*** Begin section ***

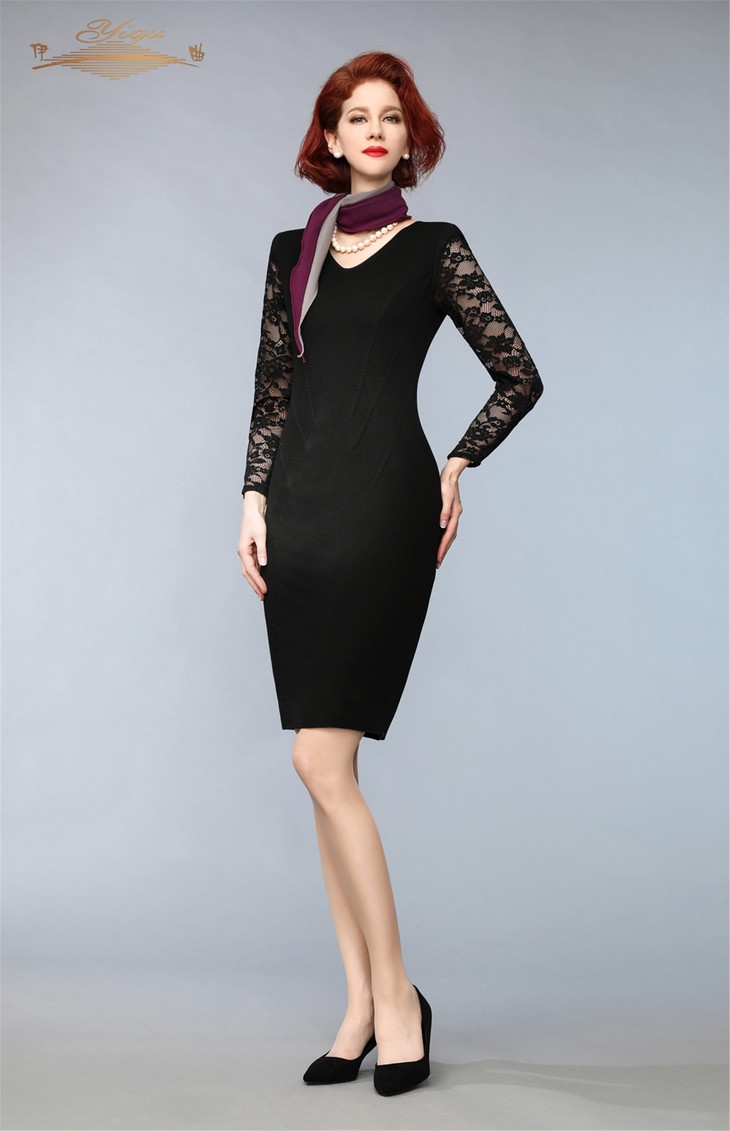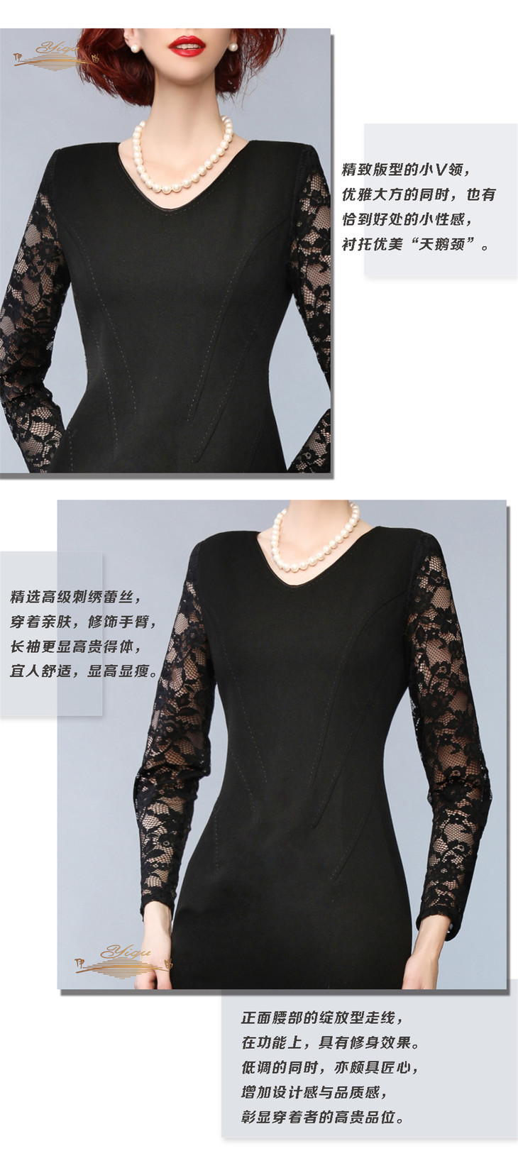 【特惠】YIQU丨“典雅唯美”刺绣蕾丝连身裙(高贵黑)PT
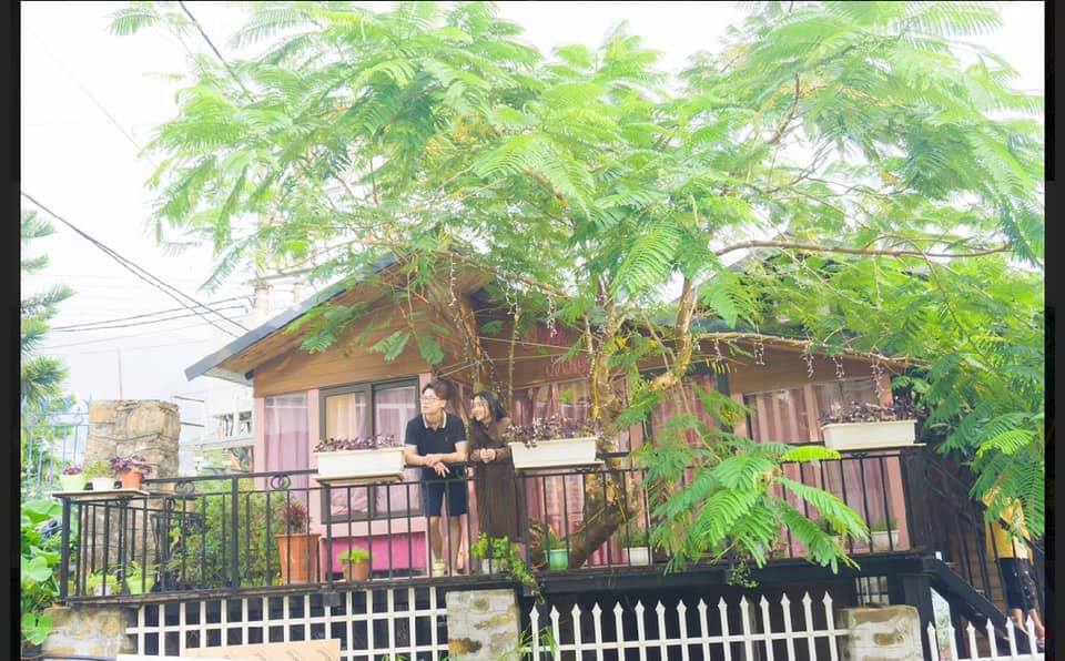 Căn nhà nằm trên cây phượng vô cùng mát mẻ và đáng yêu với 1 ban công siêu rộng tha hồ cho các bạn uống nước thưởng trà.
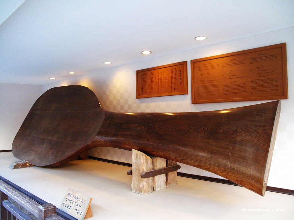 宮島商店街的巨大杓子,以270年樹齡的櫸木,花費2年10月才製作完成,長7.7公尺、寬2.7 公尺、重達2.5頓
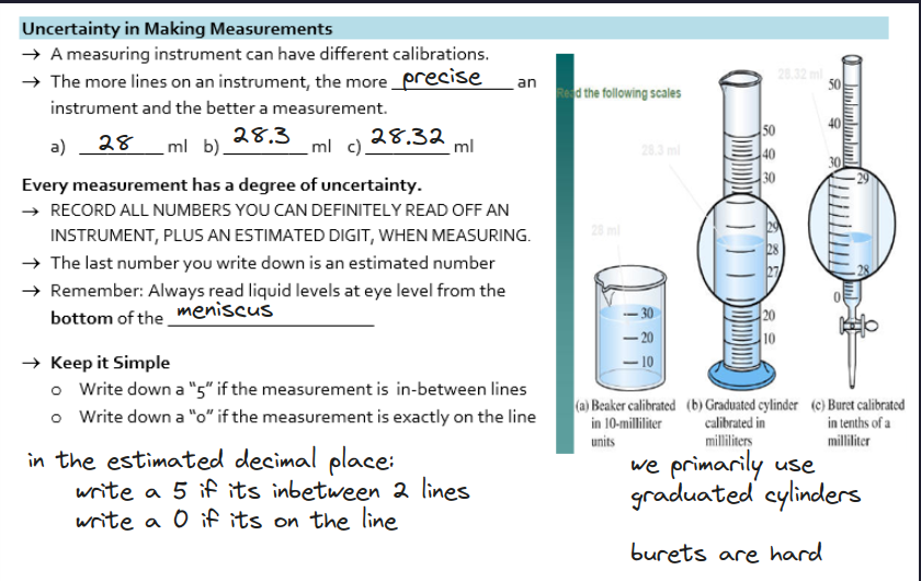 Common Measurements made in class: mass: gram(g) volume : liter (L) → mililiters (mL) temperature celcsius ( C )
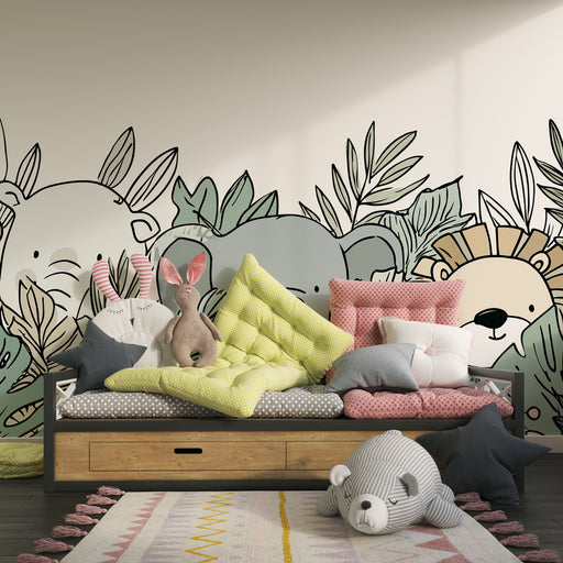 Показване на всички подробностиPapel de parede criança | Savana animal print com linhas delicadas
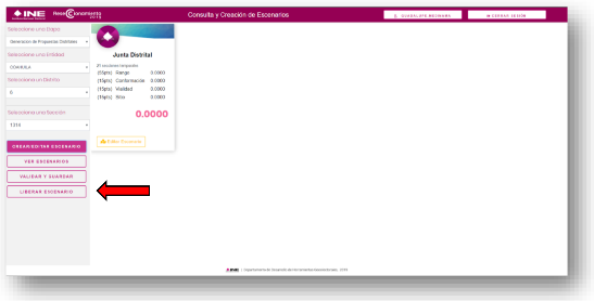 Posteriormente, y considerando que el escenario de reseccionamiento que se empleará como base para los trabajos en el ámbito local, siempre será el que obtenga la mayor calificación, por lo que la o el Presidente de la CDV en el pleno de la sesión, liberará este escenario presionando el botón "liberar" en la pantalla principal del sistema de reseccionamiento, como se muestra en la imagen siguiente:

*** End section ***

§ **Task prompt**
An exact copy of every entry, pictures left out, is what to write here.

§ **Answer for this exercise**
 【特惠】YIQU丨“典雅唯美”刺绣蕾丝连身裙(高贵黑)PT
 Căn nhà nằm trên cây phượng vô cùng mát mẻ và đáng yêu với 1 ban công siêu rộng tha hồ cho các bạn uống nước thưởng trà.
 宮島商店街的巨大杓子,以270年樹齡的櫸木,花費2年10月才製作完成,長7.7公尺、寬2.7 公尺、重達2.5頓
 Common Measurements made in class: mass: gram(g) volume : liter (L) → mililiters (mL) temperature celcsius ( C )
 Показване на всички подробностиPapel de parede criança | Savana animal print com linhas delicadas
 Posteriormente, y considerando que el escenario de reseccionamiento que se empleará como base para los trabajos en el ámbito local, siempre será el que obtenga la mayor calificación, por lo que la o el Presidente de la CDV en el pleno de la sesión, liberará este escenario presionando el botón "liberar" en la pantalla principal del sistema de reseccionamiento, como se muestra en la imagen siguiente:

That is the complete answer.